In re the Estate of Winston

92 Misc. 2d 208 | N.Y. Sur. Ct. | 1977

OPINION OF THE COURT

Millard L. Midonick, S.

In this probate proceeding the executors-petitioners have requested that the court determine the need or desirability for the appointment of a guardian ad litem to represent the interests of the decedent’s widow. The petition alleges that the widow suffered a stroke more than a decade ago and since that time has been paralyzed on her right side, is unable to speak or write, and no committee or conservator has been appointed for her to date.
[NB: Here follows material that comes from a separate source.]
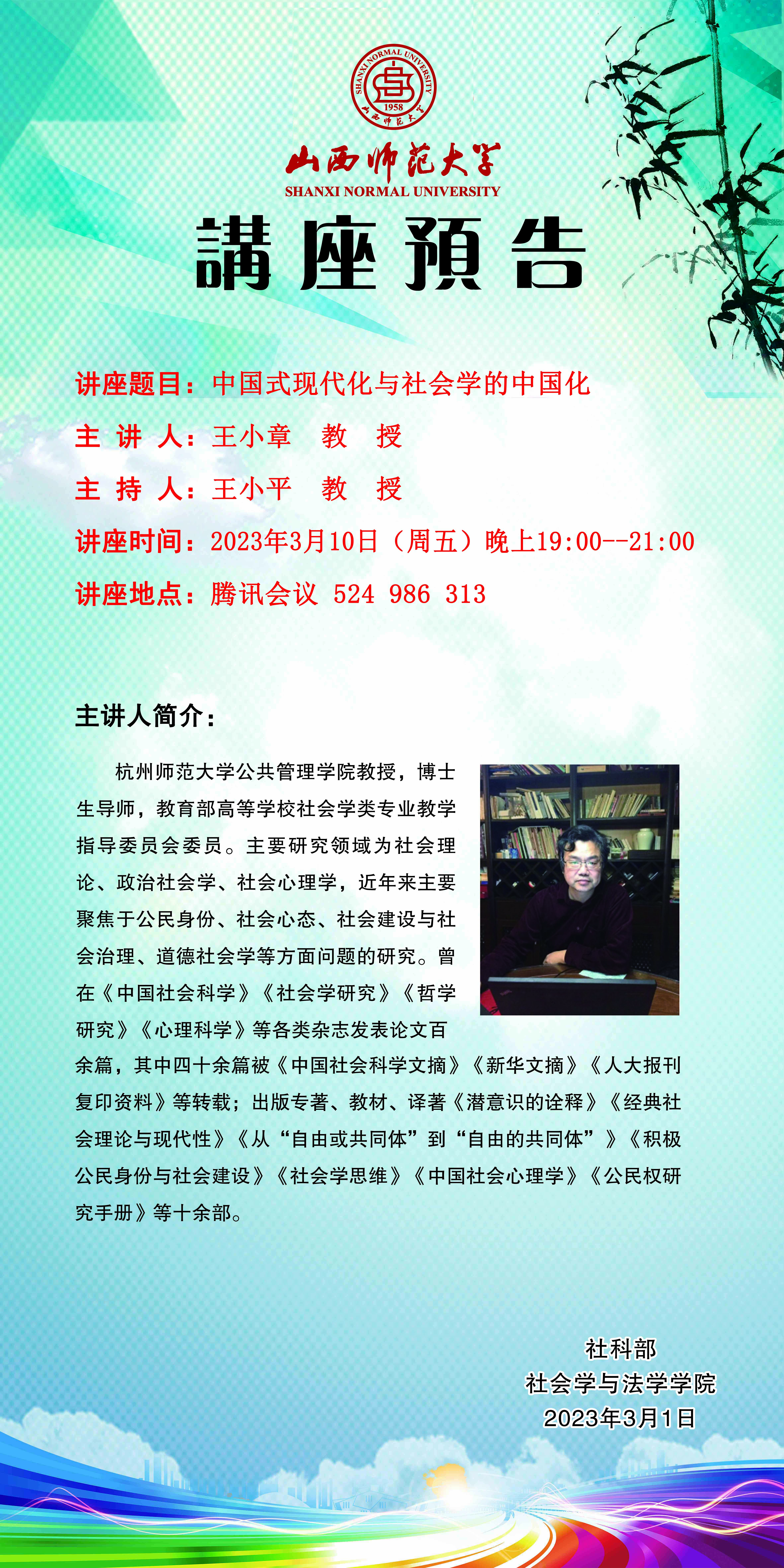 杭州师范大学公共管理学院王小章教授应邀请举办视频直播讲座

The appointment of a guardian ad litem does not bar such a committee (or conservator) from appearing as a party, if one shall be appointed. (SCPA 402, *209subd 1.) The widow has appeared by attorneys who, in their answer to the petition, allege that the widow is mentally alert and competent, that her comprehension and understanding have not been impaired, and that she is sufficiently able to communicate with others and to retain counsel of her own choosing. The answer specifically denies that the widow is mentally incapacitated or disabled. The attorneys for the widow have submitted in support of the answer a letter from a physician who conducted a neurological evaluation of the widow. This court has not heard any evidence with respect to the widow’s incapacity and has not had an opportunity personally to observe the widow. The court is thus not in a position at this time to make a finding that this widow is mentally incapacitated or incompetent.

SCPA 103 (subd 24) defines an incapacitated person as one "who for any cause is incapable adequately to protect his rights, although not judicially declared an incompetent”. On the basis of the papers submitted, it appears that the widow may be incapable of adequately protecting her rights in this probate proceeding and is thus a person under a disability in that sense. It is seriously inconvenient for her to appear in court. The court therefore "deems it necessary to appoint a guardian ad litem to protect the interests of’ this widow. (SCPA 403, subd 2.) She would receive a greater share of this estate if decedent had died intestate. (SCPA 403, subd 3, par [a].)

The allegations of the petition require the court to appoint a guardian ad litem to make an investigation and report to the court as to what steps should be taken to protect the widow’s interests. (Sengstack v Sengstack, 4 NY2d 502; Wurster v Armfield, 175 NY 256.) Such appointment will insure the validity and effectiveness of any future probate decree herein should a determination be made at any time that the widow, a necessary party herein, was in fact incapacitated. (Cf. Matter of Arneson, 84 Misc 2d 128.) Accordingly, the court has appointed the attorney previously designated to accept process, as guardian ad litem for the widow, and he is directed to make whatever investigation is necessary to protect the interests of the widow. The guardian ad litem can seek instructions of the court as required in the course of his investigation (Matter of Rappaport, NYLJ, March 4, 1975, p 15, col 1 [Sobel, S.]; see, also, Tate v McQuade, 83 Misc 2d 951, 957-958).

*210The appointment of the guardian ad litem should in no way detract from the responsibility of the attorneys who have appeared for the widow and who will continue to represent her in the probate proceeding. The Court of Appeals has stated in Matter of Aho (39 NY2d 241, 247) that only counsel directly responsive and accountable, "whose duty is to carry out the subjective wishes of his client to the best of his ability by appropriate means”, can fill the position of an unbiased protagonist of the wishes of the client. The court pointed out that a guardian ad litem may of necessity be obliged to act contrary to the desires of his ward in order to protect the best interests of his ward.

An order has been signed appointing the guardian ad litem.